Welcome to Found Around Town, where we feature cars we find in a city where interesting ones are rare because everyone drives a Prius or rides a bicycle: Austin, Texas.

Like any good Texan, I like to squeeze off a few rounds at my local indoor firing range every now and again. So I was pleasantly surprised when I found this very pretty red 1961 AMC Ambassador by Rambler outside of the range in southwest Austin earlier this week. What a cool car.


And it's timely, too, since just last week we had the scion of former AMC president George Romney running for president, and we had a Used Car Face-Off between a Buick and an Ambassador.

The Rambler nameplate is an incredibly storied one. It began life as its own brand in the late 1890s, then it was purchased by Nash, who merged with Hudson in the 1950s to form American Motors. The Rambler, classified as a compact car back in the day, was sold more or less identically as both a Nash and a Hudson for a while until those nameplates were completely killed off.
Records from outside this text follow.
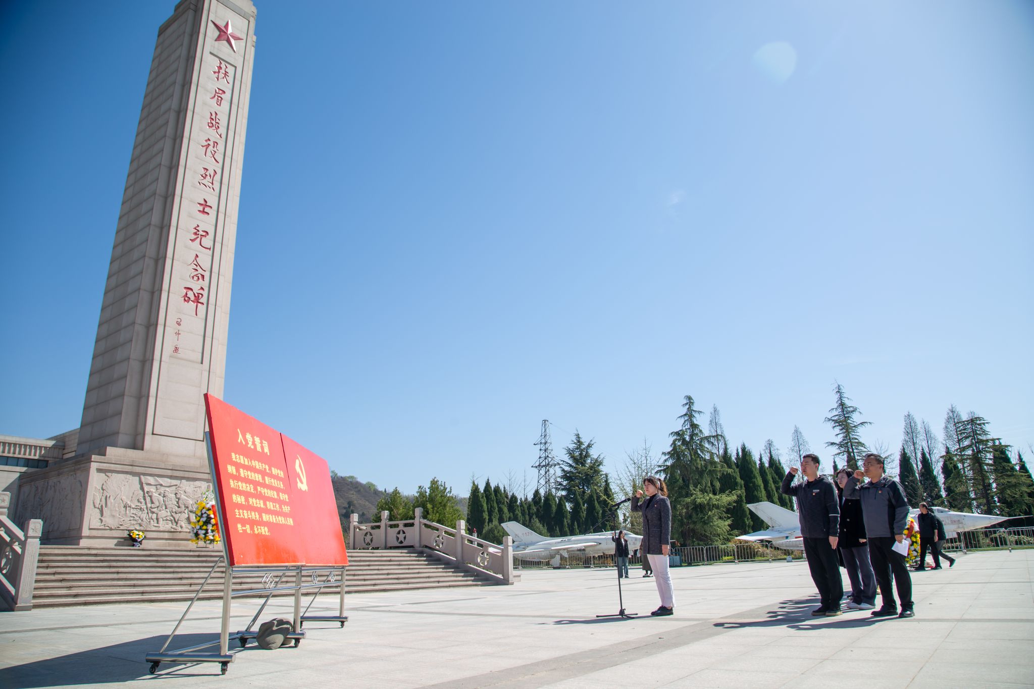 在扶眉战役纪念馆,支部党员同志们集体面向扶眉战役烈士纪念碑肃立默哀、敬献花篮,表达对革命先烈的缅怀之情。党支部书记张晓娟领誓,全体党员面向鲜红的党旗重温入党誓词,表达传承红色基因、永葆政治本色的坚定决心。随后,在纪念馆内,全体党员一边聆听讲解员的讲解,一边参观丰富的历史资料及烈士照片、遗物等,深刻了解扶眉战役发生的历史背景、艰苦历程以及解放军战士浴血奋战的光辉事迹,切身感受革命先烈不畏艰险、英勇顽强的奋斗精神和冲锋在前、不屈不挠的英雄气节。
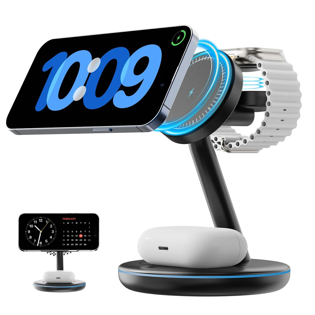 تخصيص:نوع المنتج: شاحن لاسلكي مغناطيسي 3 في 1قوة الشحن: شحن سريع 15 واطالتوافق:لأجهزة أيفون من طراز 12/13/14/15/16 (Mini و Plus و Pro و Pro Max).ساعة آبل الترا/ألترا 2/السلسلة 2-10/SE.نماذج AirPods بما في ذلك سلسلة Pro/2/3/4.ميزات الأمان: حماية من الحرارة الزائدة، وفوق الجهد، وفوق التيار، ونظام تبديد الحرارة المدمج.البناء: ضوء قابل للتعديل مع تحكم باللمس، تصميم شحن متعدد الوظائف، متوافق مع MagSafe مع دعم محاذاة مغناطيسية.الميزات:1. شحن فعال: يوفر شحن لاسلكي سريع بقوة 15 واط، مما يضمن أن تصل الأجهزة إلى شحن كامل في حوالي 2.5 ساعة.2. وضع مرن: التصميم المغناطيسي يدعم وضع الهاتف عموديًا أو أفقيًا، وهو مثالي لتشغيل الفيديو أثناء الشحن.3. نظام أمان متقدم: مزود بتحكم في درجة الحرارة، وحماية من التيار الزائد، وحماية من الفولتية لضمان سلامة الجهاز.4. تصميم مناسب للنوم: ضوء مؤشر قابل للتعديل وناعم مدمج لليالي غير المضطربة.5. تنظيم المكتب: يُحسن إدارة الكابلات، ويقلل الفوضى من أجل مساحة عمل نظيفة واحترافية.يشمل الحزمة:1 × حامل شحن لاسلكي مغناطيسي1 × 18W محولكبل شحن USB-A إلى USB-C بتقنية USB-C1 x دليل المستخدم
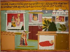 | Description / विवरण | Miniature painting based on Sanskrit-drama Malti Madhav depicting Makarand telling Madayantika that it become midnight and all persons are sleeping in their houses and women are roaming on the road after getting drunk. |
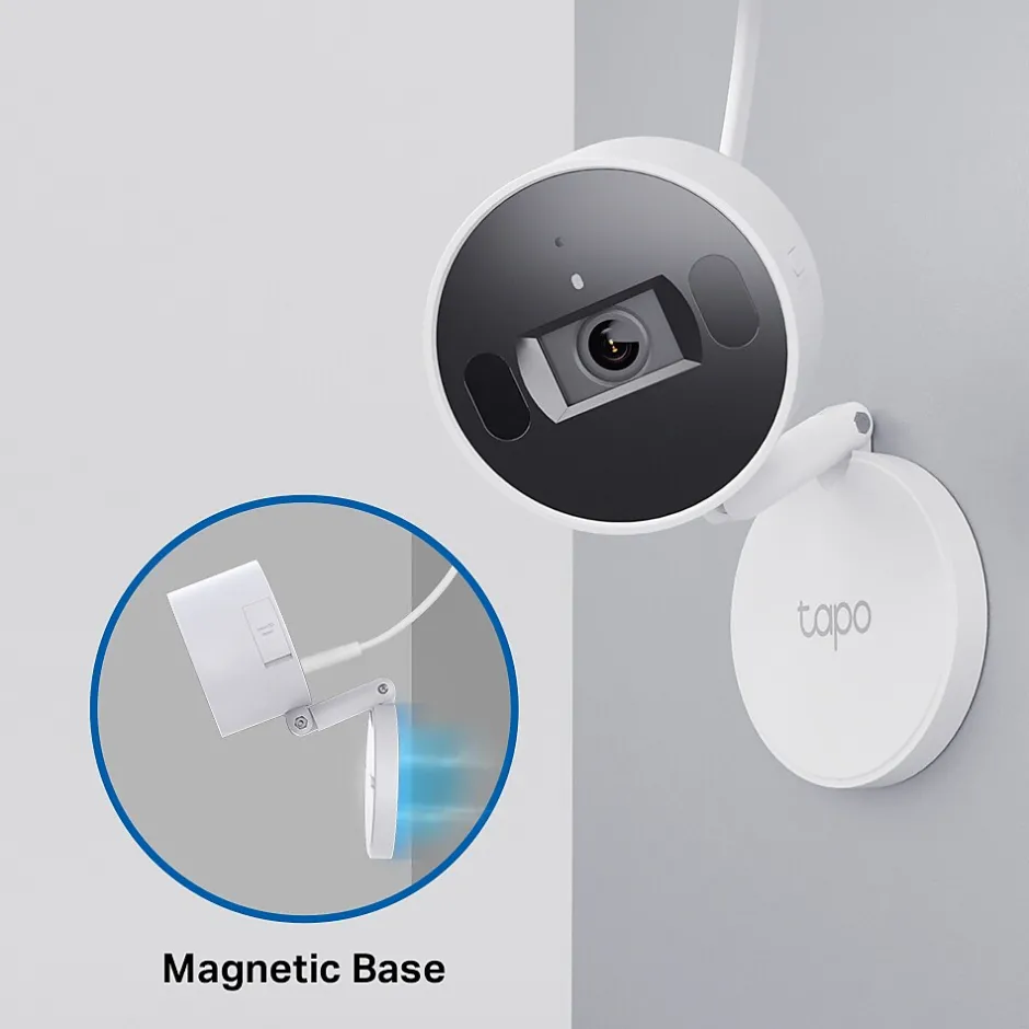 - Magnetic Base with A Long Power Cord – Mounting the Tapo C125 is simple with a strong magnetic base that can be used to stick the camera in desired angles and locations. The long power cord provides adequate distance to plug in the camera to power.
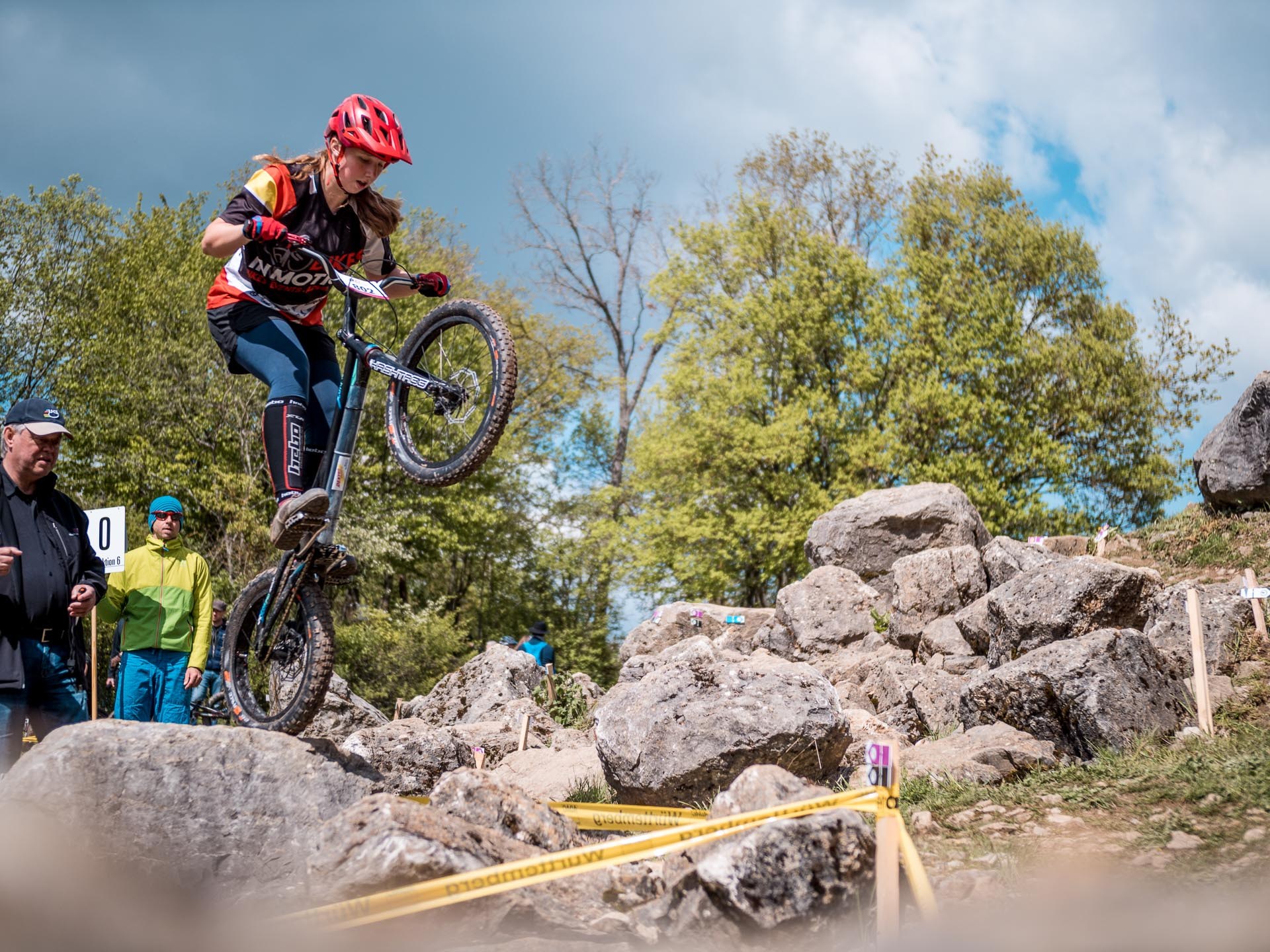 Am 12. Mai fanden in Sulz die Qualifikationsläufe der Deutschen Meisterschaft 20“ statt. Vom TSV Heiligenrode sind Marc Schröder und Celina Römmelt an den Start gegangen. Manuel Schröder, der 2018 in der Kategorie Masters den dritten Platz belegte, fiel gesundheitsbedingt kurzfristig aus. Das Gelände dort ist groß, sehr hügelig und besteht zum größten Teil aus Natursteinen. Marc ging in der Elite Klasse an den Start und kämpfte dort in den schwierigen Sektionen um jeden Punkt. Am Ende war er mit dem 6. Platz zufrieden. Mittlerweile ist Marc mehr auf dem Enduro Rad unterwegs, allerdings lief das Training auf dem 20“ Trial Fahrrad so gut, dass er dieses Jahr auch noch bei ein/ zwei Worldcups an den Start gehen möchte. Celina startete in der Klasse Damen wo sie einen konstant guten Wettkampf gefahren ist und sich als Dritte für das Finale in Berlin im August qualifizieren konnte. Außerdem belegte sie in der Mannschaftswertung den 4. Platz, ganz knapp und punktgleich mit Platz 3. Das Wetter bereitete am Abend vor dem Wettkampftag zwar große Sorgen mit starkem Regen und Gewitter, aber am Sonntag spielte das Wetter zum Glück mit und die Sonne kam raus. Insgesamt war es ein toller Wettkampf in Sulz und ein erfolgreiches Wochenende für unsere TSV Trialer.
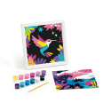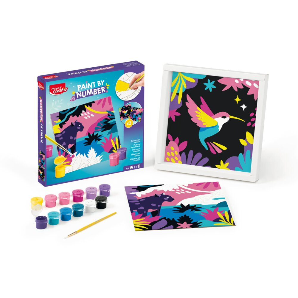 Kreatívna sada Maped Creativ Paint by number s motívmi leoparda a vtáka na vytváranie krásnych obrázkov pomocou techniky maľovania podľa čísel. Sada obsahuje 2 číslované šablóny na vyfarbenie , 12 fľaštičiek s akrylovými farbami, štetec a rámček na vystavenie obrázku.

The Ramblers were quite successful for a time. By 1961, the Ambassador was the flagship of the Rambler lineup, powered by a 327-cu.in V8. Some consider it to be the first real American luxury compact car. It's certainly smaller than some of the land-boats we've featured on Found Around Town from the same time period.

Stylistically, it's kind of all over the place, with its tailfins, swooping hood and front fenders that sort of bulge out beyond the bumper. I do like the shape of that back window, though, and that crazy oval-shaped speedometer. Some of those styling cues were kind of on the way out by 1961, and so the car's looks were toned down quite a bit the following year — particularly the outrageous front end.

The Rambler Ambassador received a full redesign in 1963, and that generation looked far more staid. This red one may not be the best looking classic American car, but at least it isn't boring.

Do you have any memories of old-school AMC cars?